OK, so I have been trying a few other formulas to see if I could overcome the issue.

Strangely, using =SUMIF($A$1:A2,A2,$A$1:A2)/A2 would occasionally work, clearing all the data in column B instantly, but was not consistent and would often freeze like the =COUNTIF($A$1:A2,A2) formula used in the original post.

I also tried some other formulas, such as =SUMPRODUCT($A$1:A2*($A$1:A2=A2))/A2 as well as the same configuration using Sum in an array formula but never got an instant clear.

I also tried copying blank cells and posting them over the formula cells, but that still froze for the same 30s - 60s that clearing them did. You could cut and paste and that would be fine, but trying to clear would result in the freeze. Deleting the entire column also did not speed up the process. I also tested Excel in safe mode, to no avail.
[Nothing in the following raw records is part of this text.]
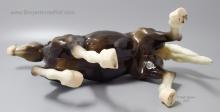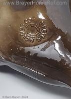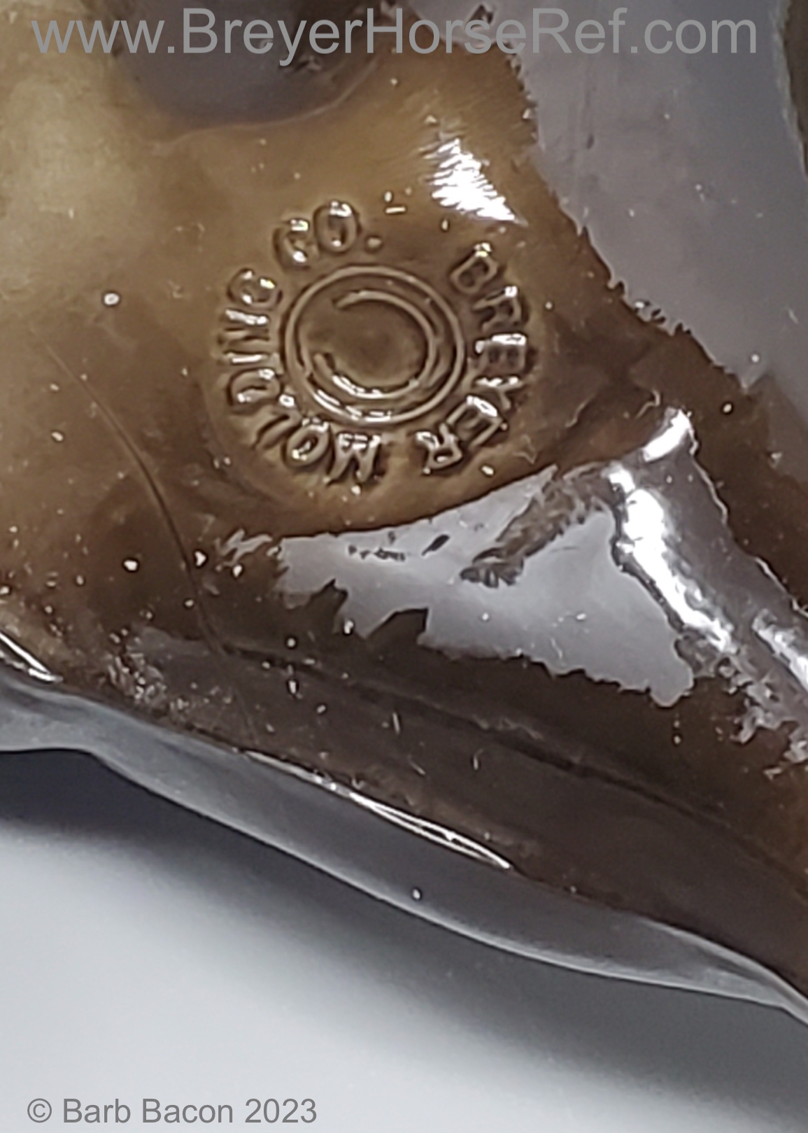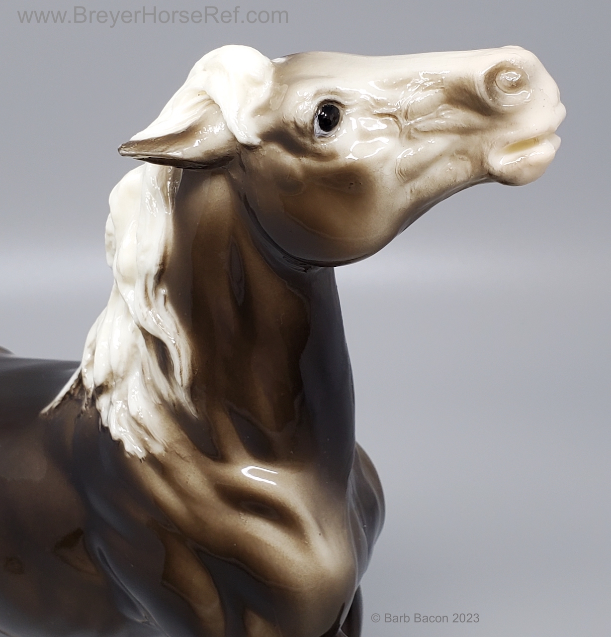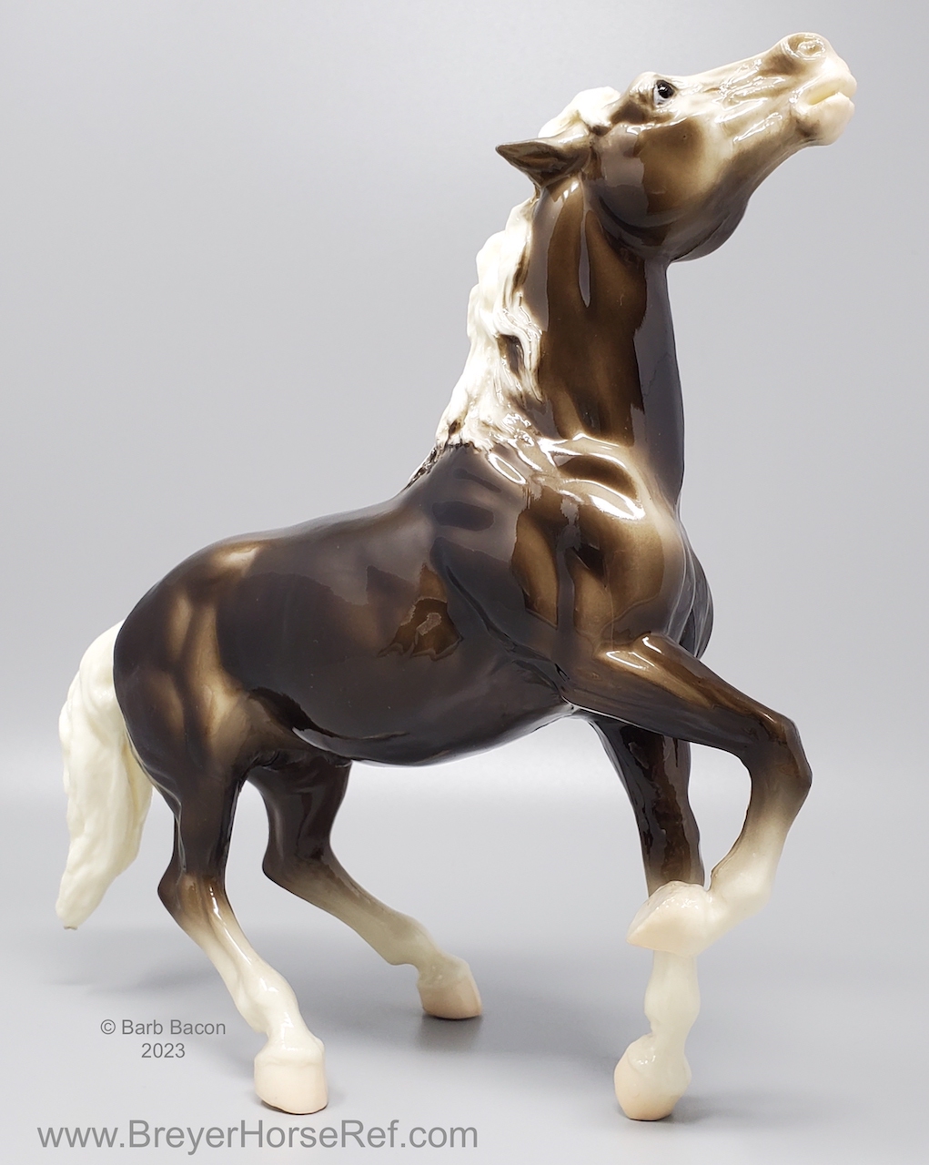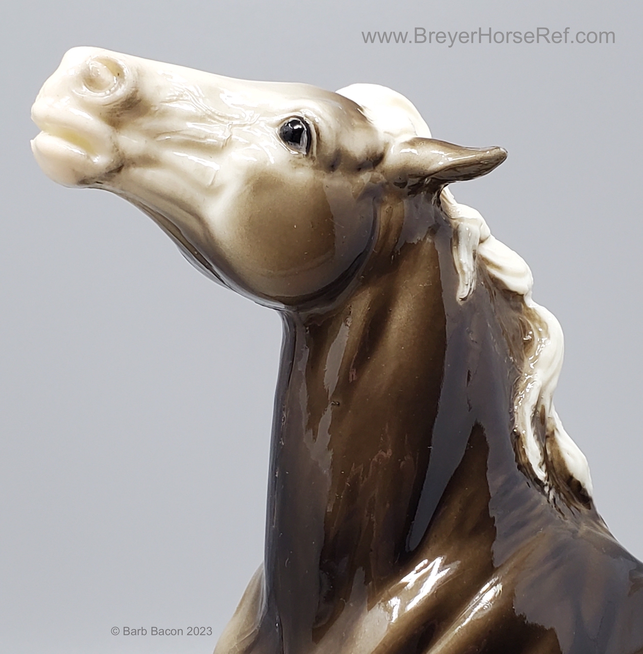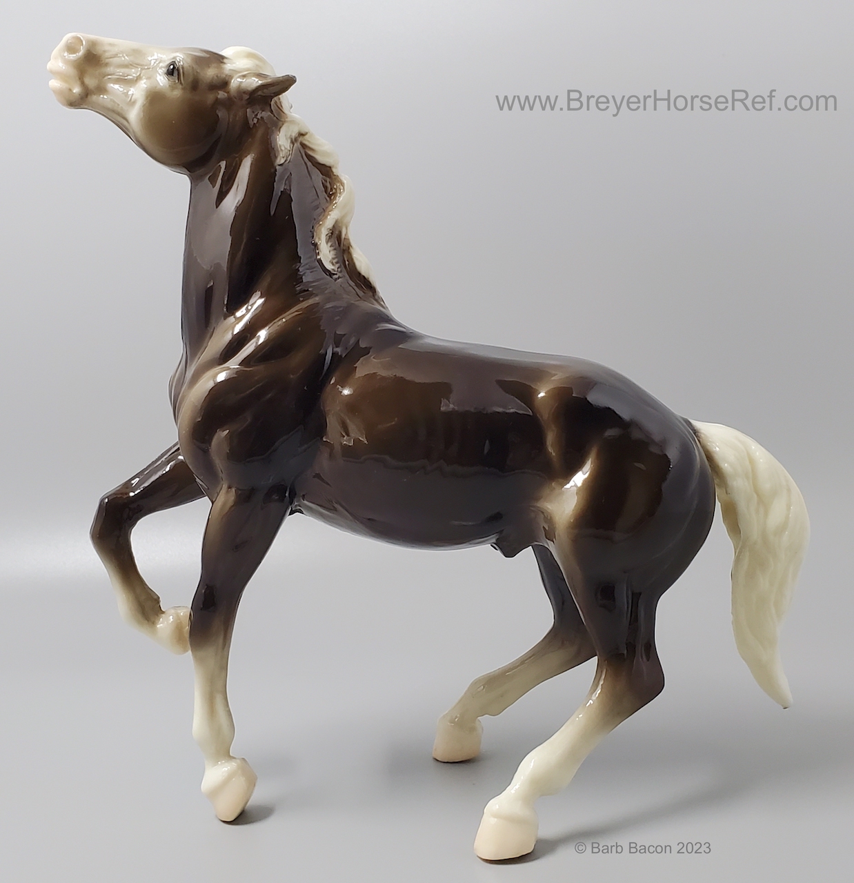 Glossy Charcoal with color varying from dark brown to black, white points with pink or white hooves, and bald face. Early models had eye whites (most eye whites had ended by 1969). Has the round Breyer Molding Co Copyright Stamp, and around 1970, the USA Stamp was added. Through the 60's, the left front hoof was pared down to help with stability. From 1961-1968, this mold was called 'Diablo - The Mustang'.
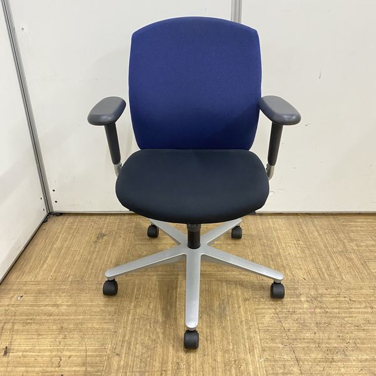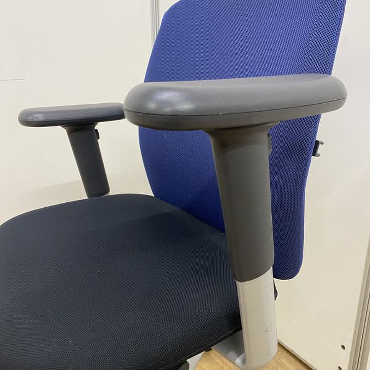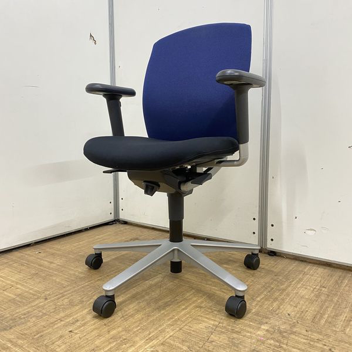 【国内メーカー】内田洋行 キャストチェア ブラック×ブルーカラー 【リクライニング】【可動肘】【京都・滋賀】
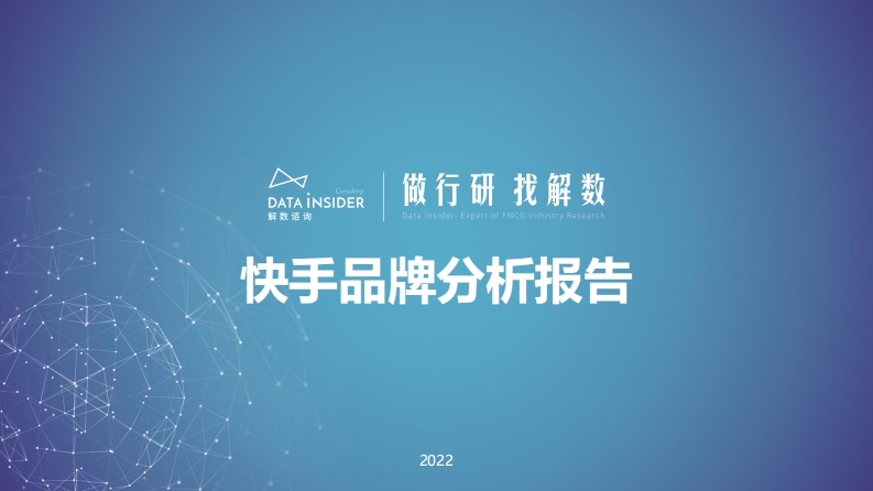 DATA INSIDER做行研找解数快手品牌分析报告2022张杨老师带你看品牌解数咨询第135期报告快手品牌分析报告做行研找解数DATA INSIDER综述快手电商发展阶段由工具型产品转型杜交型产品加速商业化变现,大力扶持广告营销,直播电商。·快手平台社区内容多元发展,平台生态持续繁荣。快手出品《冰雪英雄》《冰雪快报》等五大自制节目;快手的首档解压脱口秀,由快手用户与知名脱口秀演员同台竞技,知名艺人助阵;2021年底,“快手星芒计划”已推出240部独播订制短剧。·快手发展趋势:快手日活、月活用户同比增长20%左右,快手总收入同比增长37.9%快手线上营销和电商交易总额均高速增长,增速达到75%+。·磁力引起提出“新市井商业”价值定位助力品牌实现扩圈、链接、经营、洞察四大价值。快手品牌筛选:在三个月的所有品牌top100的数据,筛选出每个类目的总销售额,看挑选出典型类目,在典型类目里筛选出典型品牌进行分析。三大品类优质快手品牌分析围绕品牌概况、品牌自播、达人分销进行分析。“朵拉朵尚”一希望把美丽当做礼物,送给全世界爱美的女性。“干柏年”让每一位女性在最美的岁月,遇见最美的自己。“天海藏”秉承让天海藏成为深受消费者喜爱的品牌的品牌使命。做行研找解数DATA INSIDER

Given the lack of success, I am guessing that Byron's comment on Excel updating the internal model after each cell is cleared due to the different ranges for each formula is causing the freeze - though I still don't really get why pasting the formulas in the first instance would take a fraction of the time as clearing / deleting them!

As such, I can only conclude that irrespective of the reason, there does not appear to be a formulaic solution that does not cause the freeze, so I will have to use pivot tables / remove duplicates.

I appreciate everyone who tried to replicate the issue - for whatever it's worth, it looked like 3 of use had the issue and 1 did not.

-2
votes

This is caused by your use of the RANDBETWEEN function. I was unable to replicate your results after I used static data in place of this formula for 1 million rows.

The problem is that when you clear the data from the cells it does not happen for all of the cells at the same time. Excel has to step through each one and update a few things(Value of the cell, formatting, and formula calculation chain) and if anything in the formula chain has changed then all of the formulas recalculate and upon every recalculation all of the RANDBETWEEN values also get updated which causes another calculation of all of the COUNIF formulas that are affected.

So, for 20k RANDBETWEEN values and 20k COUNTIF formulas you get about 6 million calculations and up to 18 million writes to disk(depending on caching) when you try to delete all of those formulas.

So, no this is not a bug it is simply an unintended consequence of using the RANDBETWEEN function.